I know I may have a different opinion, but high quality grain free cat food is more nutritious than ground turkey. It has a balance of calcium to phosphorous and is much leaner. It depends on the high quality brand. Some say grain free but use a lot of potato starch. Foods like Wellness and Origen do not. Evanger's is 100% meat w/o presevatives. I feed ground turkey, but not as a staple in the diet and I always mix it with something else. You can try the ground whole meats from Hare Today if you like, too.

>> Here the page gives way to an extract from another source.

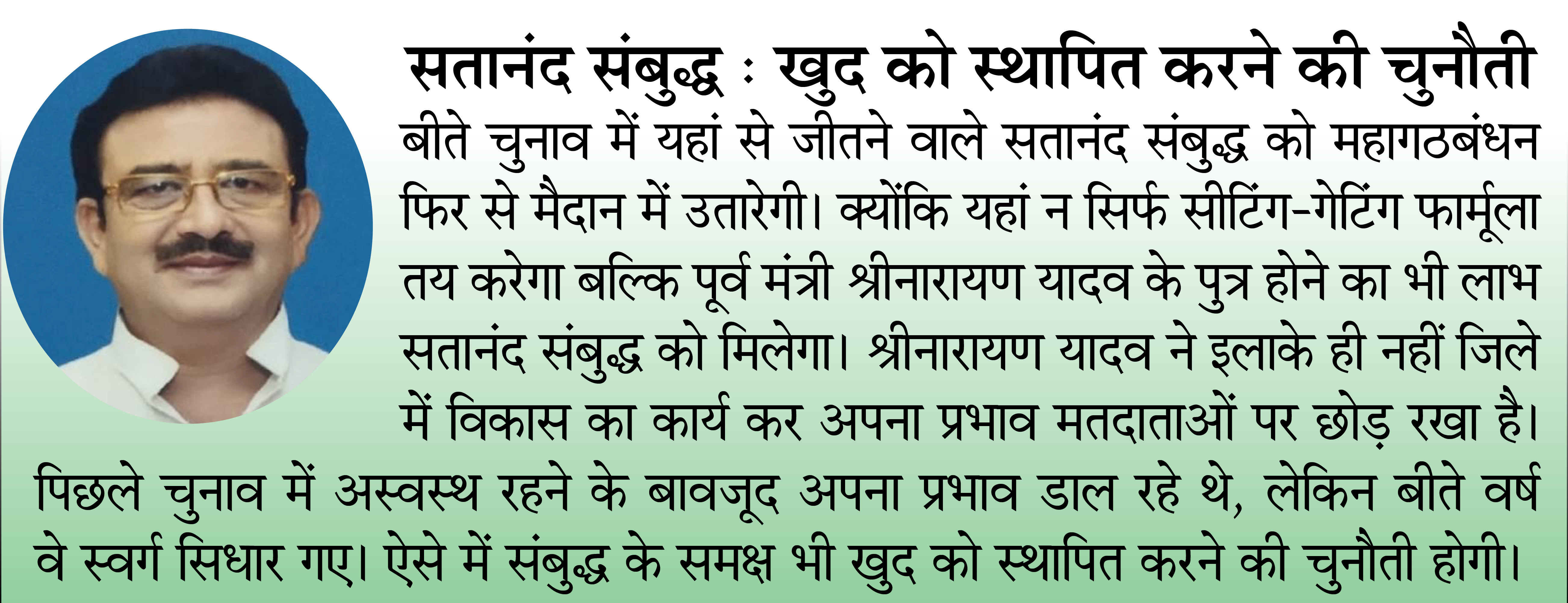 जदयू ने MY समीकरण में सेंधमारी की रणनीति के तहत 2005 जमशेद असरफ व 2010 में प्रवीण अमानुल्लाह को मैदान में उतारा था और दोनों ही बार चुनाव जीत गई। दोनों ने कद्दावर नेता व पूर्व मंत्री श्रीनारायण यादव को हराया था। अभी श्रीनारायण यादव के पुत्र सतानंद संबुद्ध (राजद)यहां से विधायक हैं। राजद के कद्दावर नेता को हराकर जीतने वाले दोनों नेताओं को मंत्री भी बनाया गया था। इससे पूर्व कांग्रेस के समसू जोहा ने भी 1985 में (तब बलिया विधानसभा) श्रीनारायण यादव को हराया था।

Tegus shouldn't have a problem switching. Like most animals, you can mix the food they do like with the food you want to feed. Feed more of what they like at first, slowly changing it over. If he is not wanting to eat much, it may be hibernation. If he is a rescue in that he had medical issues, you may want to get a vet check-up to make sure there isn't something else causing a decline in appetite

My tegus aren't too found of apples. You can try some fruits that are more tropical like bananas, mango, papaya, and also cherries, berries, melon. Alternate the foods you feed and add calcium to anything that does have bones. Those foods are usually quite high in phosphorous and low in calcium (except for papaya).


----------



## laurarfl (Oct 25, 2013)

And welcome to the forum, by the way.


----------



## daxx973 (Oct 25, 2013)

And when your tegu becomes hungry enough it won't matter what you put down in front of him. As long as he's not going into hibernation he won't starve himself because he doesn't like what your offering.


----------



## laurarfl (Oct 25, 2013)

so true


----------



## lgranoth731 (Oct 25, 2013)

I know all about high quality pet food since I'm certified in dog/cat nutrition. I offered some ground turkey and bananas just now. I tong fed the first bite but after that he went at it on his own. A slow eater but a great eater.


----------



## laurarfl (Oct 26, 2013)

I am always learning.


----------



## lgranoth731 (Oct 26, 2013)

Me too haha.


----------



## SnakeCharmr728 (Oct 26, 2013)

If he has had less than a optimal diet I would focus primarily on whole prey to help correct any deficiencies. Ground turkey even with supplementing just doesn't compare to what whole prey can provide.


----------



## lgranoth731 (Oct 26, 2013)

He has eaten tong fed roaches too. I was told that cuz of his size he shouldn't need anything


----------



## SnakeCharmr728 (Oct 26, 2013)

huh?


----------



## lgranoth731 (Oct 26, 2013)

I gave him roaches also


----------



## SnakeCharmr728 (Oct 26, 2013)

I just didn't understand how because his size he doesnt need anything.


----------



## lgranoth731 (Oct 26, 2013)

I was told that because he was already over 2ft to focus on turkey, fresh fish, and fruits, that those were better for it at this size.


----------



## lgranoth731 (Oct 26, 2013)

Also probably a dumb question is how often/much should I feed? It's my first tegu (i have to 14" Savannahs). When I adopted adopted him his belly felt fragile when I picked him up but now he's chubby. I don't want to over or under feed it.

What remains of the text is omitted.